By the way, I'd like to add the IBM's infamous Report Program Generator (RPG) as another major culprit on your list of languages for the Y2K problem. During 60s, IBM in response for acute shortage of programmers, designed RPG as a programming language to be used by accountants. It accepts data in fixed formats similar to ledgers and, yes, it routinely used 2 digit for the year field.

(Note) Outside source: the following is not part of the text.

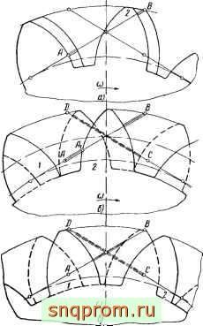 На фиг 15, а изображена ведущая шестерня насоса с углом наклона зубьев, обеспечивающим непрерывную изоляцию камер нагнетания и всасывания. В момент окончания контактирования зуба 2 с зубом ведомой шестерни в точке В линии зацепления на задней торцовой плоскости, в точке А передней торцовой плоскости вступает в контакт с зубом ведомой шестерни последняя точка зуба 1. Случай зацепления с боковым зазором, когда величина угла наклона больше значений, обусловленных неравенством (38), изображен на фиг. 15, б. Здесь видно, что изоляция рабочих камер насоса нарушается с момента поворота контактирующей пары зубьев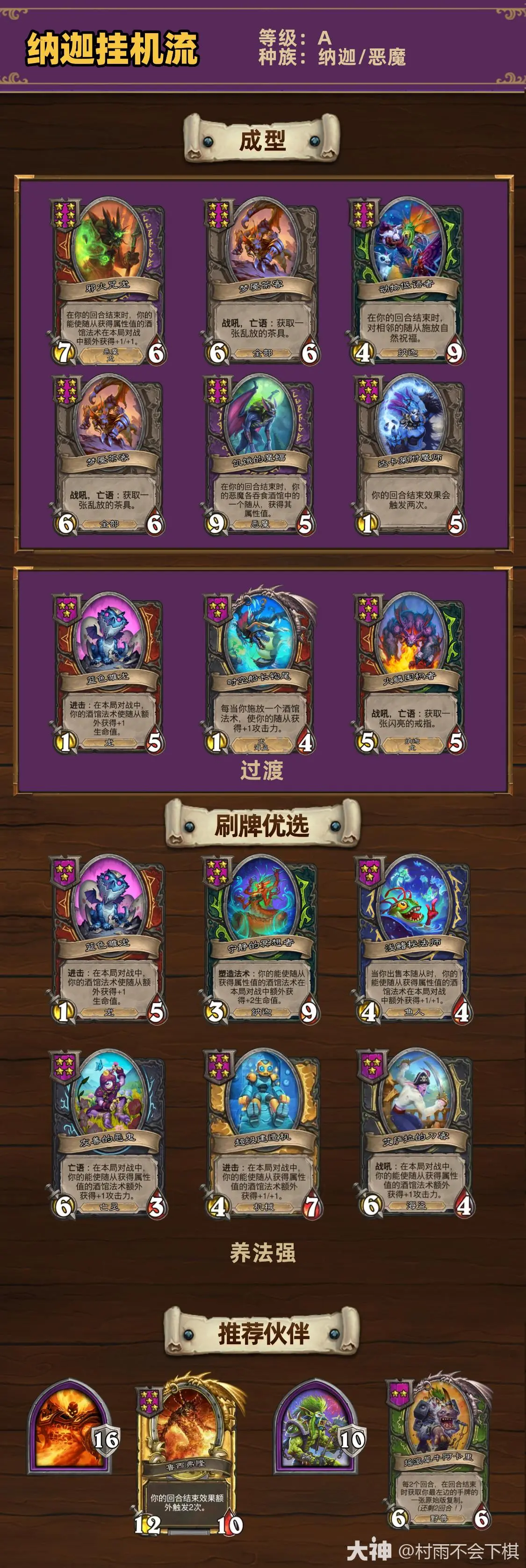 邪火咒龙养法强,动物低语者每回合对融合怪施放自然祝福,给全体随从加身材(包括酒馆随从),随后魔蝠以及阵容中的恶魔随从吃酒馆。附魔师增加回合结束触发次数。

RPG-III (IV) is still a very active programming language. The statement that it was designed as a programming language to be used by accountants is curious to me. If I give you the benefit of the doubt and say, Novice Investor may be right about the very earliest beta versions of RPG (like talking about beta "A" versus the "C++" of today), I'll say it is barely possible this bizarre statement is true. However, RPG-III of today is in no way an accountant's programming language. It is a full featured programming language. And a language with billions of lines of code out there. The similarity of fixed formats to ledgers is absolutely nil. The "routinely used 2 digit for the year field" statement is of questionable truth value, too. Yes, lots of programs in every language have two year dates. But no aspect of RPG led programmers astray to using 2 digits when they should have used 4.
I really find the over truth value of the RPG section in your post to be pretty low, and certainly misleading about what RPG-III (IV) is today.
On the other hand, if you are primarily trying to point out that there is a lot of RPG code out there, you are indeed right.